Что-то изменилось во взгляде старухи. Она подошла ко мне поближе и взглянула в глаза, словно хотела в чем-то убедиться. Ее лицо напоминало сухофрукт, которыми в изобилии торгуют лица кавказской национальности на нашем рынке.

– Тебя, мил человек, занесло в Борщевск. Сегодня – двадцатое мая.

Я попятился и сел на подвернувшийся ящик.

– Мать честная! Это ж где я больше суток провалялся?

– Как где? Тутось, мил человек. – Старуха указала на мусорный бак. – Пойдем со мной. Тебе ведь помыться хочется, переодеться...

– Да уж, не помешало бы.

– Вот-вот. А я тутось, недалече квартирую. Пойдем, пока не набежал никто. Я сына недавно схоронила, так от него одежды полный шкаф остался. Не понесу ж я все на рынок, правда?

– Спасибо, – смущенно поблагодарил я старуху. – Не знаю вашего имени-отчества.

– Зови бабой Глашей. А я тебя Найденышем кликать стану...

– Зачем же так, словно я котенок какой. У меня имя есть, Эдиком меня кличут...

– Тебя пусть так кличут в той жизни, – она махнула неопределенно рукой.

Мы шли по тротуару из досок. Я озирался вокруг. Меня окружали в основном двухэтажные дома из красного кирпича. Солнце блестело в лужах, на балконах сушилось белье. Чужая жизнь бурлила, размеренно следуя своим законам.

По-видимому, я производил двоякое впечатление на борщевцев. Они либо шарахались от меня, переходя на другую сторону улицы, либо откровенно показывали пальцем: дескать, посмотрите на это диво.

Оказавшись в горячей ванне, я чуть не замурлыкал от удовольствия, мысленно поблагодарив бога за то, что он послал мне сердобольную бабку Глашу.

Старушка тем временем хлопотала на кухне, гремя посудой и еле слышно что-то бормоча себе под нос.

Ощупав все свои ребра, я с удовлетворением отметил, что переломов вроде нет.

За чаем баба Глаша, промокая глаза вязаным платочком, поведала мне свою безрадостную историю.

– В пьяной драке забили его до полусмерти. До больницы не довезли… Похоронила я Васютку мово... И словно сердце с тех пор у меня остановилося, так тяжко сделалося! На земельке этой...

Поймав мой недоверчивый взгляд, она уточнила:

– Да такой же Найденыш был, как и ты! Своими-то господь не наградил. Так вот и мыкаюсь... Посадили этих нехристей, а что толку. Васятку-то не вернешь!

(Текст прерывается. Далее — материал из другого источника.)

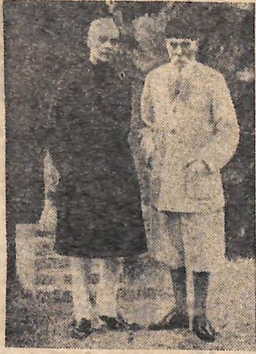
ДЖ. ПЕРУ І М. К. ПЕРІХ.

як героїчний реалізм. Мені радіє таке визначення. Подвиг, героїзм завжди були зовучими. Людство шукає подвигу, боротьби, страждає... Серце хоче пісні про прекрасне. Серце творить в труді, в шуканні вищої якості», — говорив Періх. І природно, що саме Періх напередодні другої світової війни став ініціатором заклику до урядів усіх держав світу укласти пакт про охорону історичних пам'яток, який знайшов гарячий відгук у великих гуманістів землі.
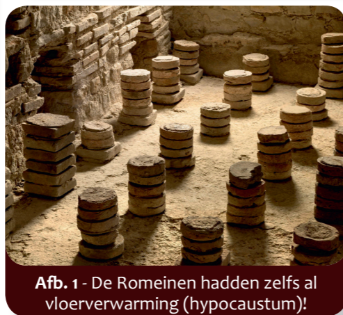
Afb. 1 - De Romeinen hadden zelfs al vloerverwarming (hypocaustum)!

2 Welke steden van nu horen bij de Latijnse namen op de kaart? (afb. 5)
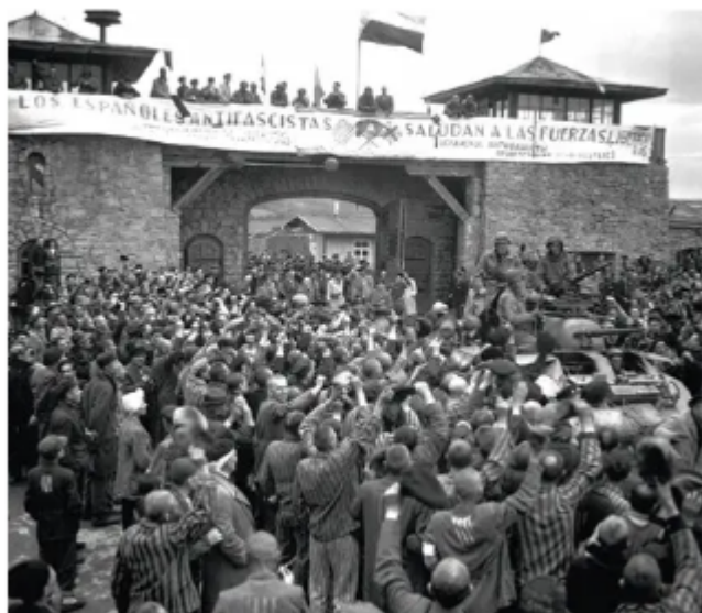
Los españoles antifascistas saludan a las fuerzas liberadoras, fotografía del campo Mauthausen en Linz, Austria, 1945.

15 Describe esta imagen con el léxico de esta página:
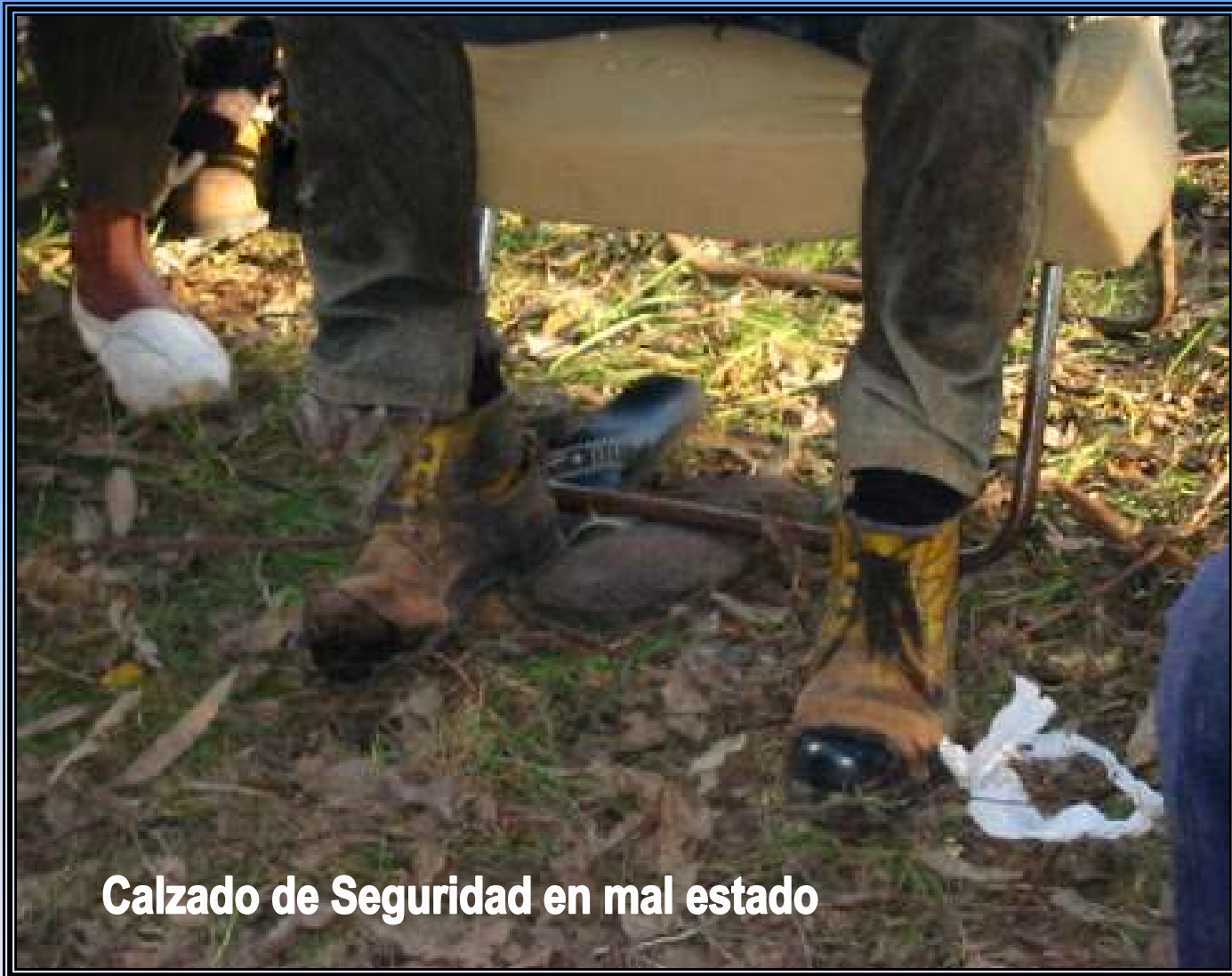
Calzado de Seguridad en mal estado
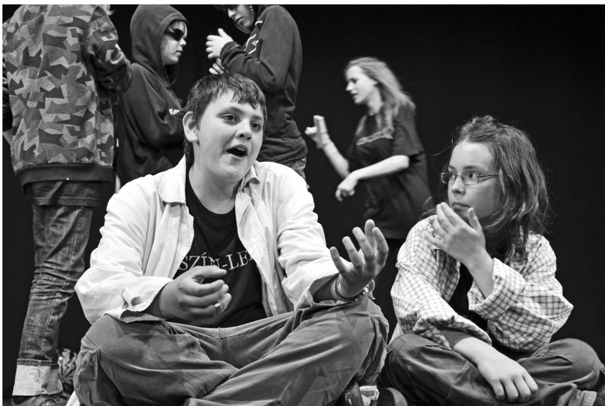
7. kép: Prücsök (az átverés vígjátéka két részben, avagy a fagyvi visszanyal). A kecskeméti Szín-lelők előadása. Rendezte Sz. Kulcsár Gabriella.

mint a mesében, itt is elnyeri a főhős méltó jutalmát, miközben a csoporttal együtt mindannyian sejtjük a nézőtérre, hogy mindez egyáltalán nem áll olyan messze a valóságtól.
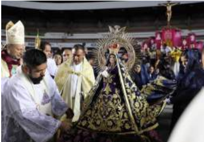
Participamos activamente en eventos que resaltan a Colón como referente del turismo religioso.

Clausura del Año Jubilar Mariano: El lunes 03 de febrero se llevó a cabo la clausura del Año Jubilar Mariano, motivo de gran celebración para la Diócesis de Querétaro y Basílica de Soriano, en el cual se realizó un vasto programa, donde se recibieron más de 5 mil asistentes entre peregrinos y visitantes. Representó una derrama económica significativa para el comercio local, además de proyectar al Municipio como referente del turismo religioso.
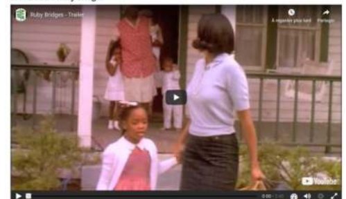
Film trailer : Ruby Bridges

Answer the questions (based on the film trailer) in your copybook.
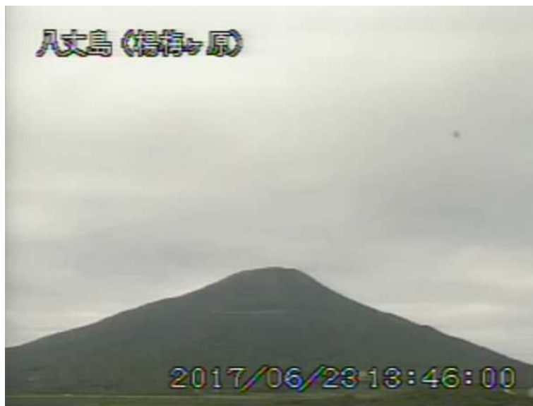
図 1 八丈島 西山山頂部の状況 (6月23日 楊梅ヶ原 ようめがはら 監視カメラによる)

1) GNSS (Global Navigation Satellite Systems) とは、GPS をはじめとする衛星測位システム全般を示す呼称です。
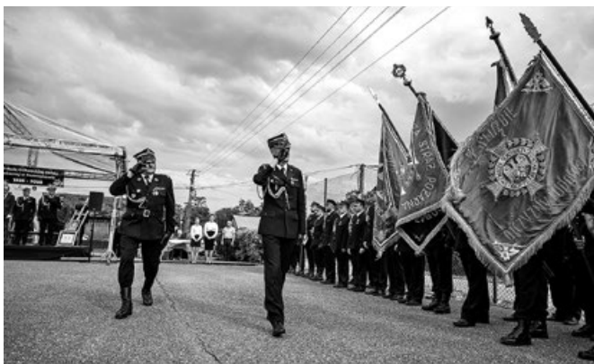
Odprawa Pocztów Sztandarowych
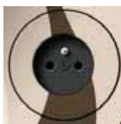
199-66699 Zásuvka 230 V kryt s bezp. clonkami

Дав мне денег на электричку, баба Глаша поцеловала меня в лоб и перекрестила. Я, со своей стороны, клятвенно заверил старушку, что вышлю деньги обязательно, для чего записал себе на ладони ее адрес.

Глава 5

За пару остановок до города я подумал, что на вокзале меня вполне могут ждать, и, не мудрствуя лукаво, сошел на ближайшей станции. Несколько раз пересаживаясь с автобуса на автобус, я добрался до той самой арки, у которой позавчера утром столкнулся с омоновцами.

Неподалеку оказался телефон-автомат. Выклянчив в ближайшем киоске жетон, я решил тотчас услышать голос любимой девушки.

– Алло, говорите, – вкрадчиво произнесла она. – Я слушаю.

– Это я, Натали...

– Тебя где носит, стахановец?

– После расскажу. – Оглядевшись и не заметив ничего подозрительного, я продолжил: – В квартире все в порядке?

– Ну, если не считать грязи и пыли на подоконниках... А что стряслось-то?

– Ты когда приехала?

– Вчера вечером. За сутки, как полагается, послала телеграмму... Звонила Черкасовым, Авраменко, никто ничего толком не знает...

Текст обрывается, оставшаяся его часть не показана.